For Romina Rivero, the vertebra is a symbol of vulnerability and, at the same time, pure liberating power. Bones that are part of the installation have their personal experience of life linked to the healing, physical and spiritual. Represent the fight from the intimate, understanding the body as an extension of the Interior able to overcome external domains, that subjugate you and constrain. The installation device comdeses a field of tensions, among which stands out the existing between the idea of the social body Foucauldian - understood as the materiality of power on the same bodies of the subjects – and the estimation of the classical oriental philosophy, procurer of deep awareness, in the interests of the individual and collective emancipation.

On one hand, we are a same driver gear uniformed parts: the look of the Panopticon - that eye that sees everything -, weighs on our bodies blinded and disposed in one direction only. On the other, we are constitutive, differentiated and unique bones, which contain an inherent freedom. It is a dance of forces destined to reveal what, by nature, belongs to us. The oppressive metallic coating, a clear reference to capitalism and the post-Fordist industrial society, is also a specular surface on which to be reflected and do an introspection exercise. In this way, the possibility opens up to generate a place of resistance at the very core of repression. The threads that pull and tighten embody, in the same way, their power to untie. This conception is very close to the Chinese tradition, where the natural course of things, the Dao, is forged through the alternation of two opposing active principles, the yin (shady) and the yang (solana).

Said Master Lao Zi in the Tao te king:

(...) Being and nothing generate one another,

the difficult and the easy are completed with each other,

the length and the short form one another.

the high and the low are poured into each other,

the sound and tone harmonize with each other,

the before and the after follow each other.

There is a tension between what we are essentially and what we become, between the consubstantial movement that should prevail and the self-imposed one. We get carried away by the strategies that governments and power groups have built ad hoc for our domination. Without thinking where, we just go. But sometimes, in that journey, a space is created, a gap to fill, a silence. The so-called state of inaction1. They are the tense threads and the possibility of cutting them, of getting out of the way marked. We discover the intimate dimension in which we recognize ourselves, that redoubt of freedom, reflection and empowerment.

The installation work presented by Romina Rivero is subtle and emphatic, with the indispensable elements, but with multiple layers of reading.
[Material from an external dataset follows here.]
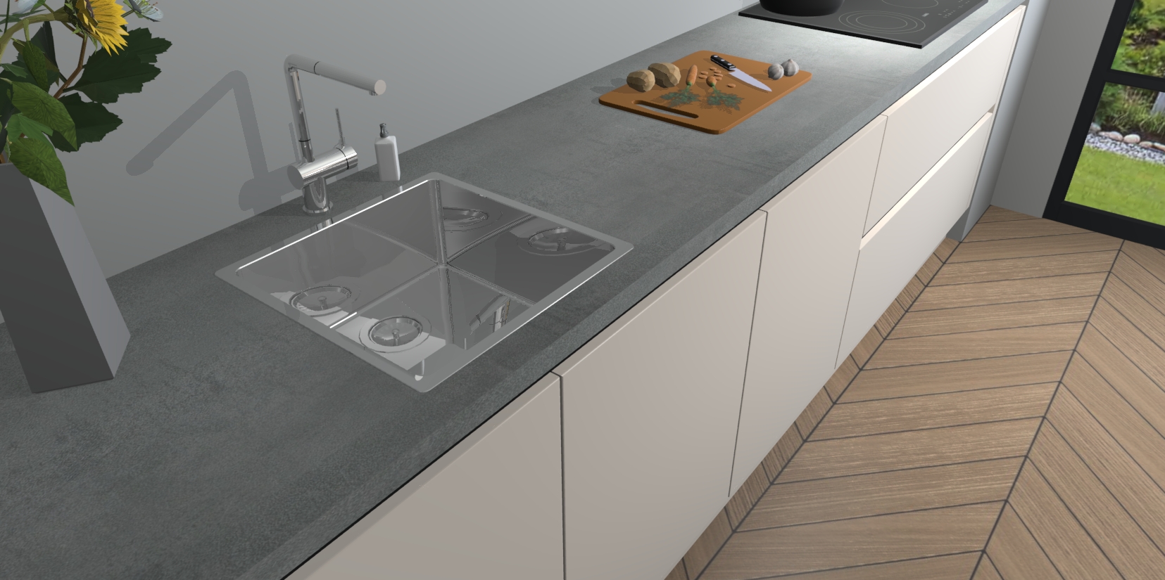 - Bij een hoekwerkblad zijn de hoeken in gevreesd en op maat gemaakt

From the dignification of the woman´s mourning expressed in the black lace, to the vindication of the difference intervening each bone piece with detail. In front of all of them, a clear message: to work the distance that separates us from ourselves, reverting the hegemony in favor of autonomy, the disciplinary processes in libertarians. In short, to make the potential emerge from the union and the richness of the interdependent vertebrae.

 

 

1.Inaction is another of the common concepts of traditional Chinese thought, it is not about absolute inertia, but about understanding the state of things and balancing it without exerting any pressure on beings. Inaction is typical of the course, whose effectiveness is universal and permanent. Translation by Anne Hélène Suarez Girard in Tao te King by Lao zi. Ediciones Siruela, 1998 Madrid.